Clarence sighed. ‘You make me sound so heartless. It was the best option; they were left with all of my assets, a house, plenty of money to keep them well, family close to hand, plus my war pension. I would have had to leave them at some point, since by then I had stopped ageing, and being a war widow left Helena with some dignity in the matter. There would have never been a more ideal time to leave. We can only pretend to be human for so long, and my time was running out. But I did love them, Khalida, and I do miss them.’
‘That was cruel,’ she said, ‘what you did to Cain.’
‘Which part?’ Clarence scoffed. ‘Saving him from dying, or saving him from accidentally murdering his own wife?’
‘All of it,’ she said.
‘So, you would rather die as a human than live as a vampire?’ he asked, raising an eyebrow.
‘Yes,’ she said.
‘You’re acting as if I’m some callous monster, and Cain is a saint,’ Clarence said, ‘but it was never that simple. If you knew what happened in Malaysia, then – ’
‘What happened in Malaysia?!’ Khalida asked, the words pouring heavily out of her mouth as her heart stopped beating. Clarence looked at her and took a deep breath.
‘Firstly, he didn’t kill your family,’ Clarence said, ‘and nor did I. I had been sent there to forge diplomatic links between Rebirth and another organisation called the Blood Thieves, though instead of actually doing any diplomacy, we ended up being tasked with guarding the leader of the Blood Thieves’ younger, simple minded brother. Cain accompanied me on the journey. I secretly befriended your sister, Akmar,’ he said. ‘There wasn’t much else to occupy myself with, and she was one of the more interesting people around. She was a very intelligent girl, and we could hold a conversation.
‘Then, the brother was killed, thanks to your father, when the brother had wandered away and tried to hunt by himself. Your father blinded him, and he couldn’t find his way back, so he was then burned to death as the sun rose. Rebirth had to step in to ensure that I wasn’t executed, and I was sent back to England while the situation calmed down. Nearly a year later, I was asked to return to Sabah with Cain. I assumed that our negotiations were to continue, and I wa
s anxious to see if your sister and your family were okay, and you all were. I went back to visit your sister every chance I got.

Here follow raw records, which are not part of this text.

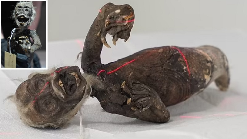 Мумифицированное существо выглядит как гибрид обезьяны, рыбы и рептилии. «Кричащая русалка» может похвастаться необычными зубами, длинными когтями, рыбьим хвостом и седыми волосами.
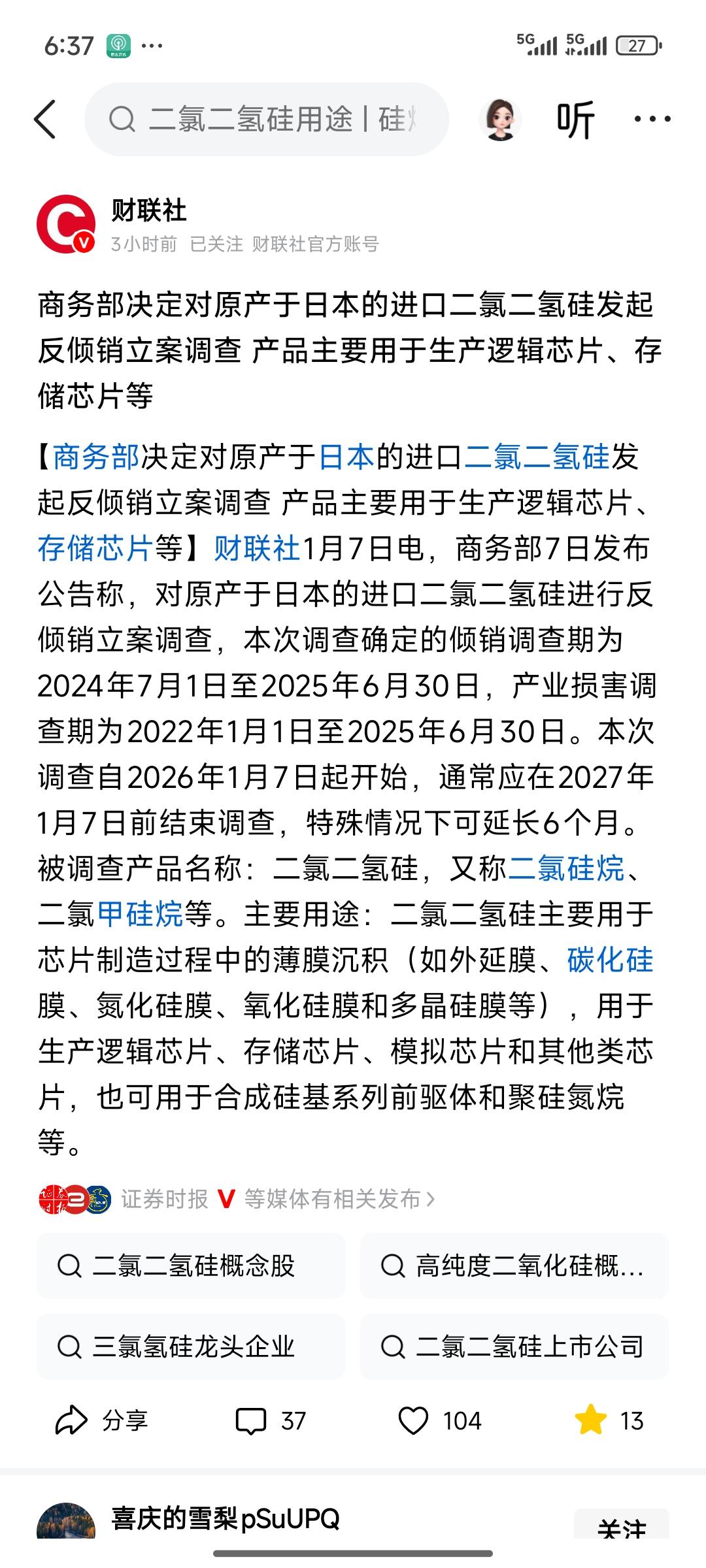 今天,商务部对自日本进口的二氯二氢硅发起反倾销调查。如今,中国开始对日本“出拳”反击了。此次反击大概率会利好相关A股的替代产品,替代产品概念又将引发一番炒作。我们要积极关注,也可提前潜伏。涉及的可能还有光刻胶、相关气体等。 欧盟对华反倾销 反倾销制裁 临时反倾销措施 中国商品倾销 美国反倾销产品 对美反倾销 临时反倾销
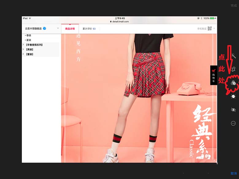 4、到这里ipad四周就会有宽黑边的框,右边纵向排列几个工具标志,点击那三个小圆圈叠加的滤镜标志。

‘It was only coming up to the anniversary of the brother’s death when I began to feel anxious. It was Cecilia who learnt that Tycho Feigrey, the co-commander of Rebirth, had arranged with the leader of the Blood Thieves that Cain was to be killed, a brother for a brother, and that you and your family were also going to be killed. I tried to go back to your house to save your family, and I needed Cain’s help, but, once again, as soon as he was able to he fled to save himself and, in the end, I was only able to save you and your sister. He left you to die, Khalida,’ he said. ‘And even when you told him what had happened, and he realised who you were, he kept on lying to you. I was going to tell you the truth, but we never dated for very long, and an appropriate time to tell you never came up. It wasn’t just telling you that I was involved in the deaths of your family, but that vampires existed as well; that’s not a topic of discussion that can be rushed into.’
‘How do I know that you’re not lying?’ she asked. Her voice struggled to find an even pitch, and it felt as if her lungs were suddenly encased in ice.
‘You don’t,’ Clarence said, ‘but it sounds right, doesn’t it?’
As the car pulled off the motorway, the roads winding down until they were driving through isolated country lanes, a dull tiredness settled onto her. There were boundless questions to be asked, but she had heard all she could for now. She settled back into the car. The throbbing pain of her fingers and torso had subsided, along with the familiar ache in her legs and feet after hours of standing for work. The road ahead kept slipping out of focus. The thought of Cain sitting in a dark, French cottage, desperately eating human flesh, swam into her mind. She shut her eyes to rest, and then, nothing.
Chapter Twenty-Two
It’s A Bone Structure Problem
The rumble of the car roused her. In her half-asleep state, she wondered why she was in a car, thinking that perhaps Cain had picked her up from work. With a flash of clarity, she woke with a start and turned to Clarence, who had put on sunglasses.